▶ **WORK ITEM**
What is wanted is every line below from the one with "BAR BROOCH, in" up to and including the one with "A kanadai Cobble", retyped exactly, pictures excluded, nothing else.

▶ **SOURCE MATERIAL**
Start of Block
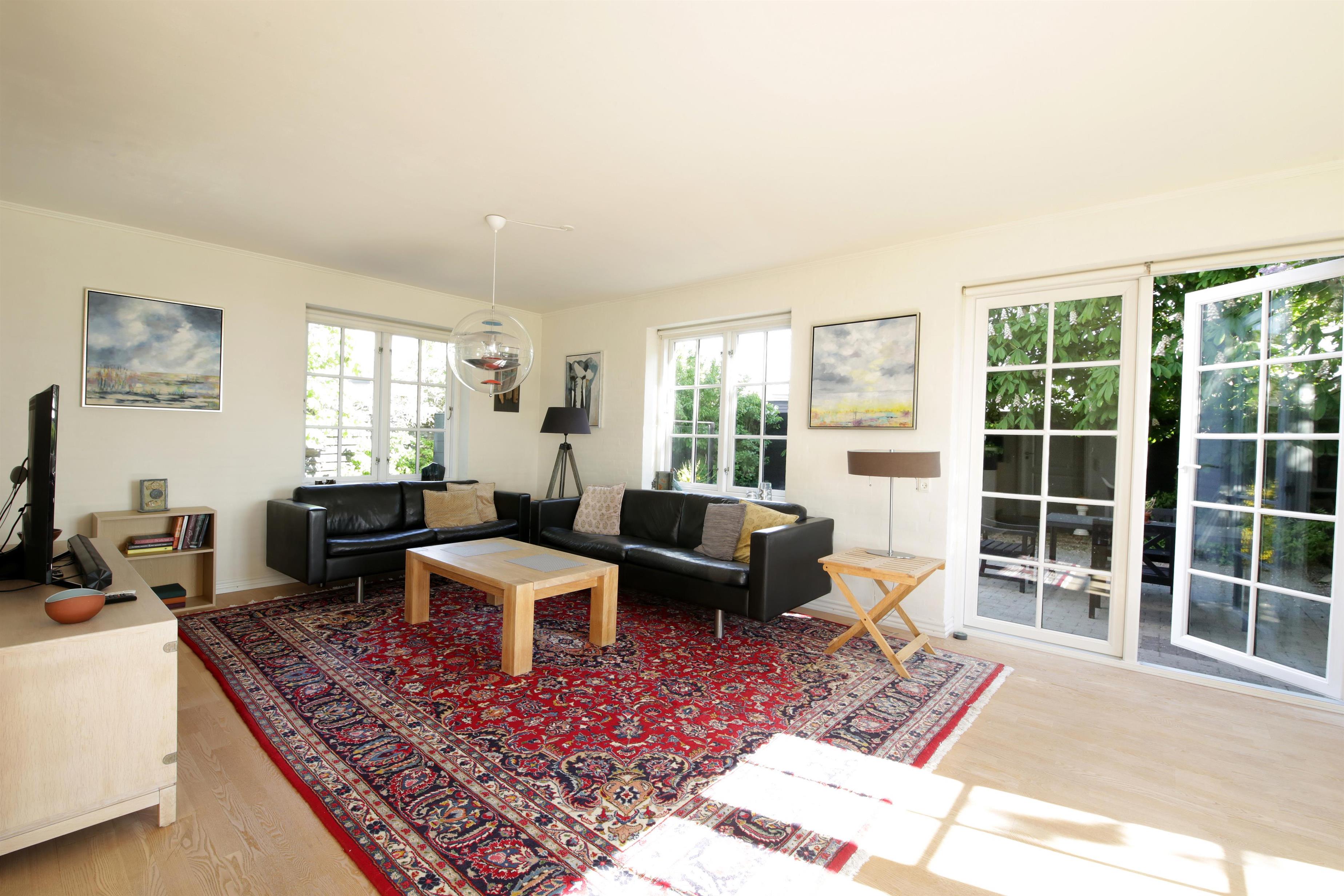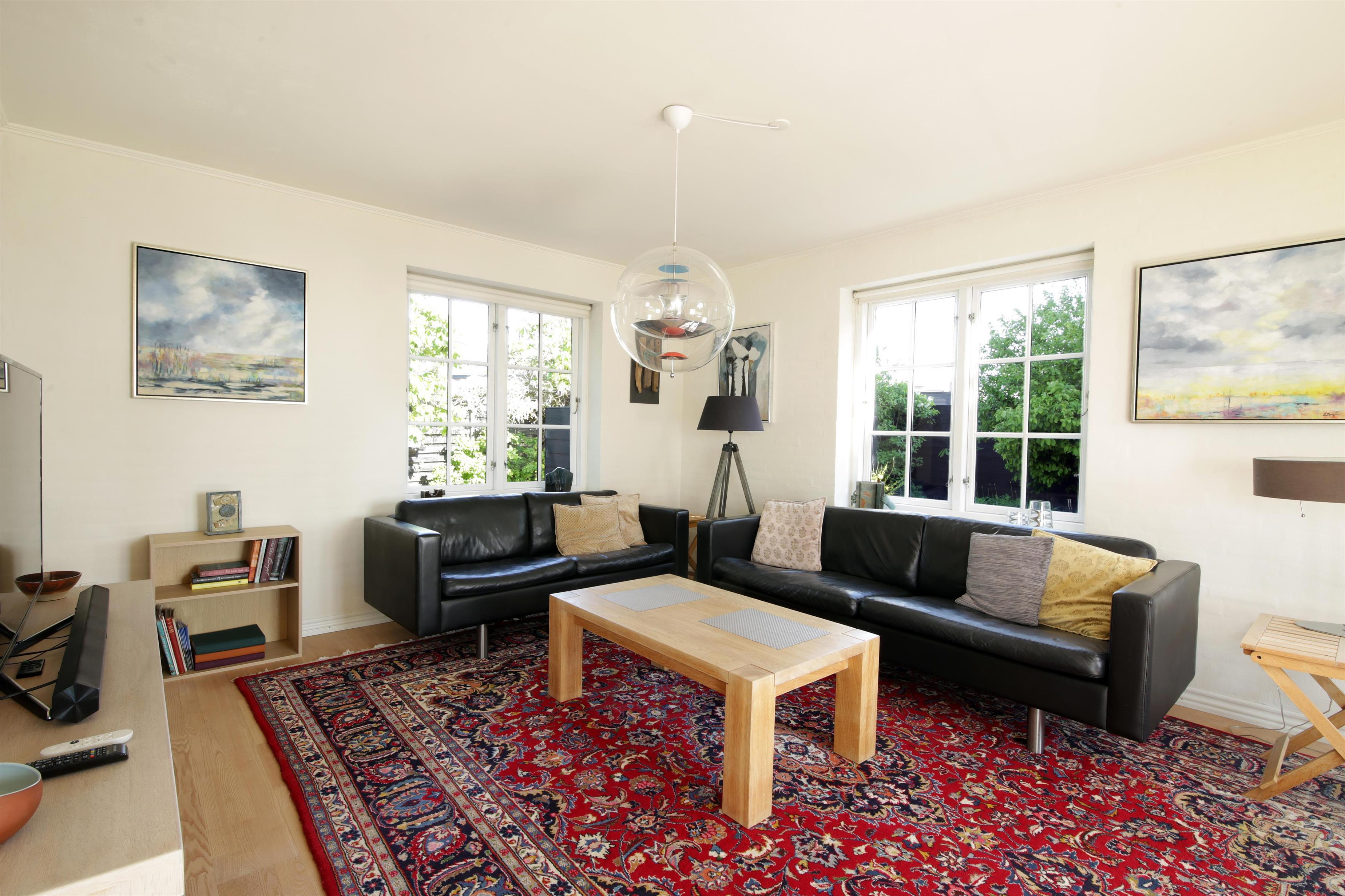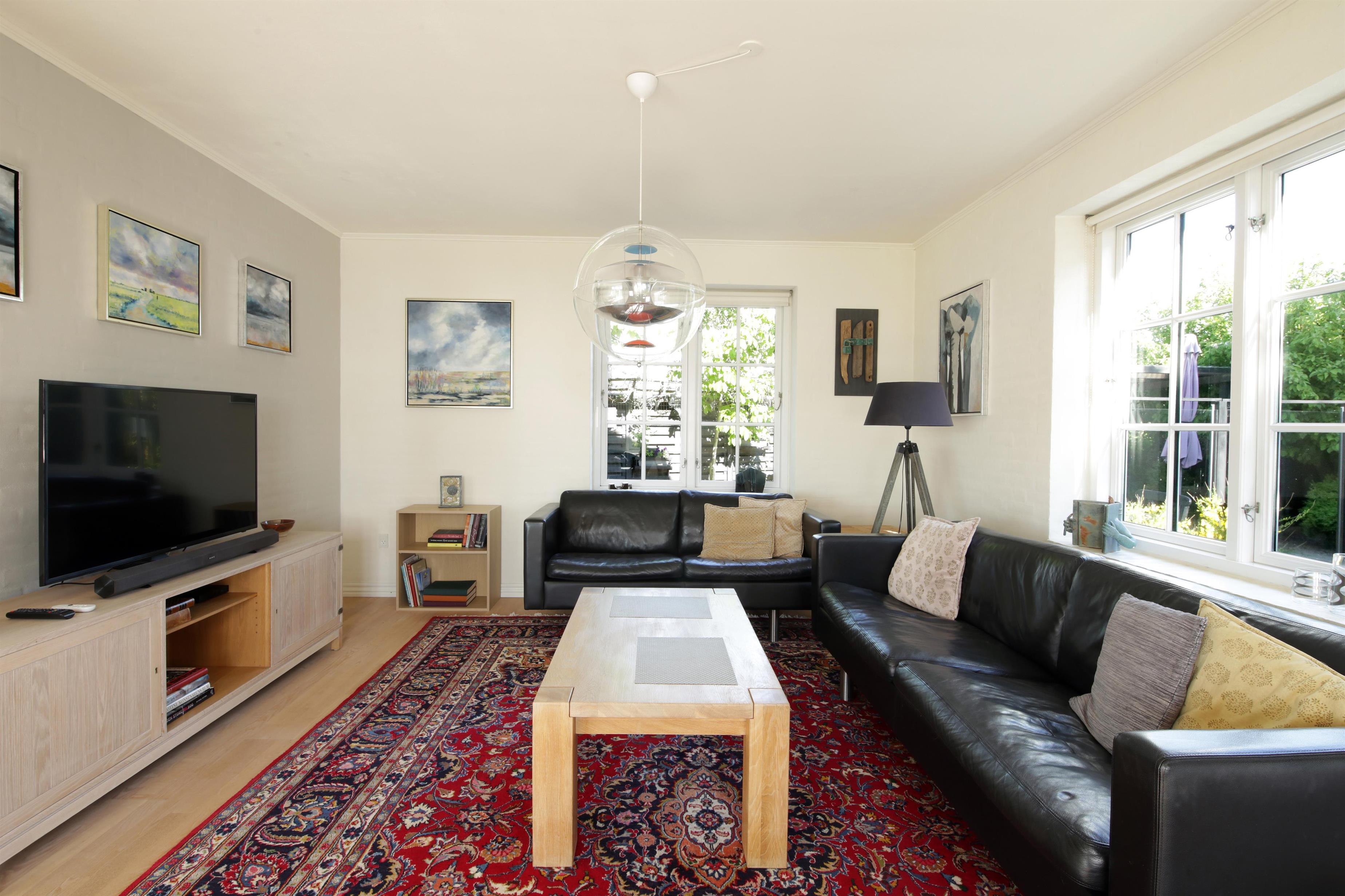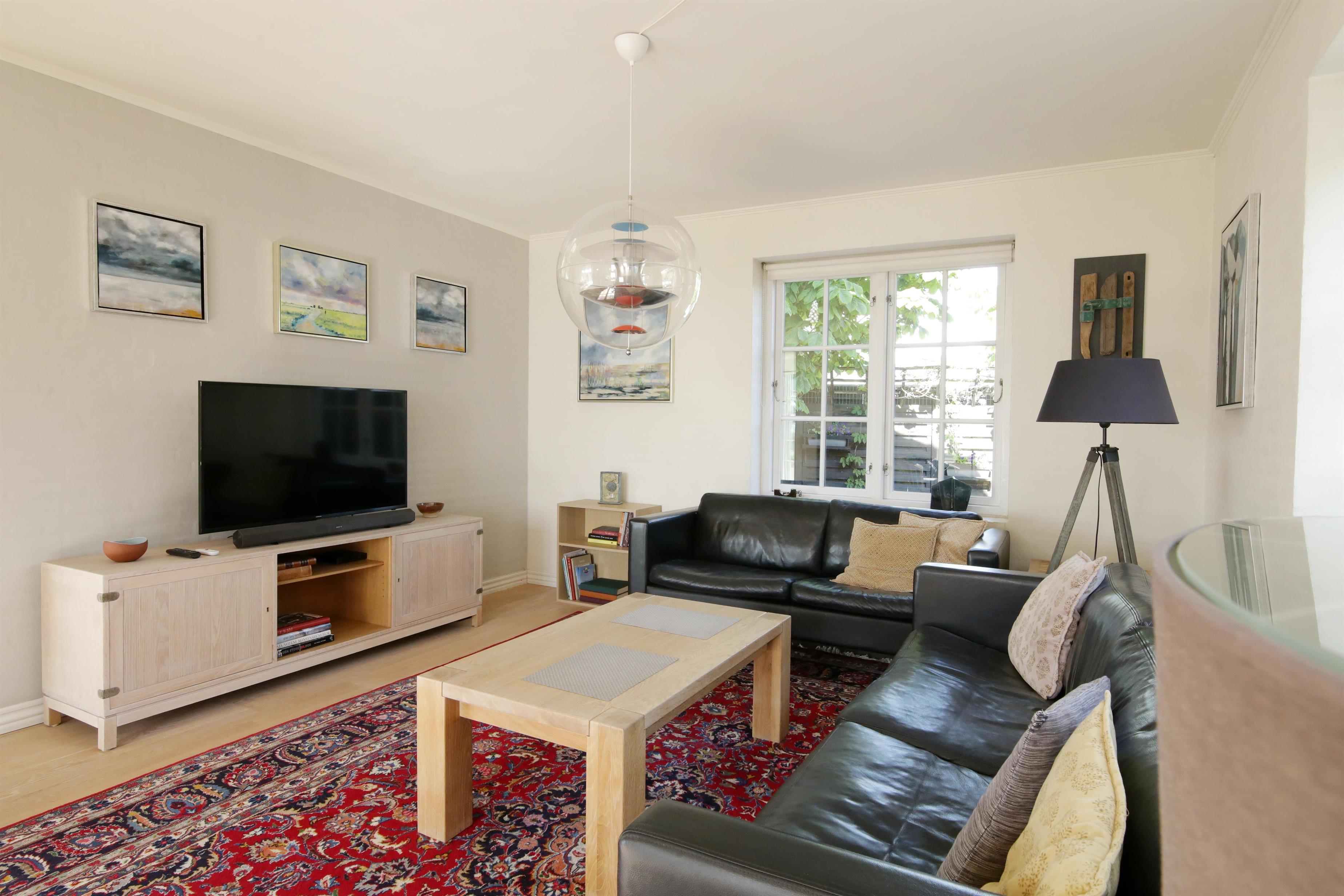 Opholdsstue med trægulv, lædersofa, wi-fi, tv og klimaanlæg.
End of Block
Start of Block
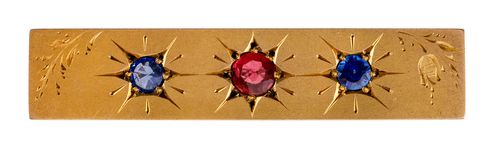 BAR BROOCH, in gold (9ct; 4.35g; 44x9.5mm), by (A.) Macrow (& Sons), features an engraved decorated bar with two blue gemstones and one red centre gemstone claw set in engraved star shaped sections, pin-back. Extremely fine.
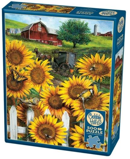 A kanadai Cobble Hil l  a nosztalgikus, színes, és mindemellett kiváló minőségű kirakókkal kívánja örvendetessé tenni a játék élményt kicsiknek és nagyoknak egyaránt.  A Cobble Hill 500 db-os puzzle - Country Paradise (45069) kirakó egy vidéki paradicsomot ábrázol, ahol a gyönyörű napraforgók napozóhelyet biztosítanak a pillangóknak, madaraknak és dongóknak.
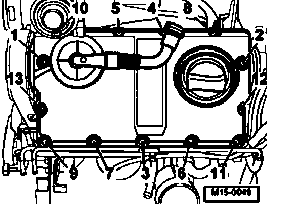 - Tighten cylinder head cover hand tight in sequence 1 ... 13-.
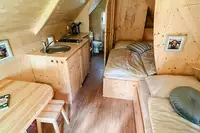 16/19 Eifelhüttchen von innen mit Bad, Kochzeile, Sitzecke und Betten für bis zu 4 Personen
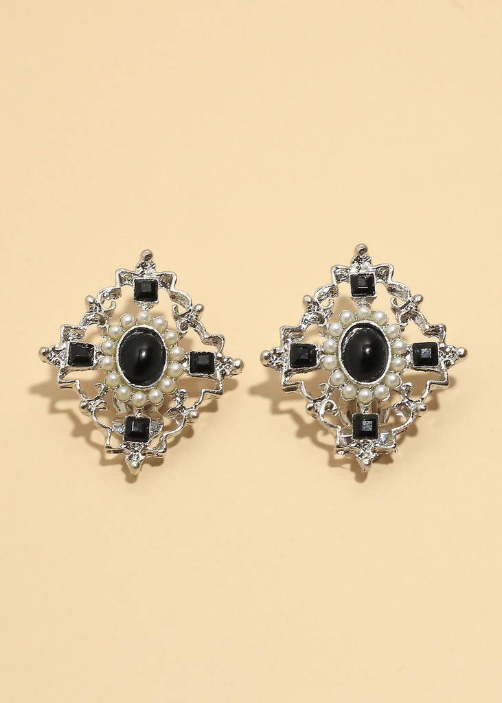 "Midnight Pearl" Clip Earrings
End of Block
▶ **RESULT FOR THIS EXERCISE**
 BAR BROOCH, in gold (9ct; 4.35g; 44x9.5mm), by (A.) Macrow (& Sons), features an engraved decorated bar with two blue gemstones and one red centre gemstone claw set in engraved star shaped sections, pin-back. Extremely fine.
 A kanadai Cobble Hil l  a nosztalgikus, színes, és mindemellett kiváló minőségű kirakókkal kívánja örvendetessé tenni a játék élményt kicsiknek és nagyoknak egyaránt.  A Cobble Hill 500 db-os puzzle - Country Paradise (45069) kirakó egy vidéki paradicsomot ábrázol, ahol a gyönyörű napraforgók napozóhelyet biztosítanak a pillangóknak, madaraknak és dongóknak.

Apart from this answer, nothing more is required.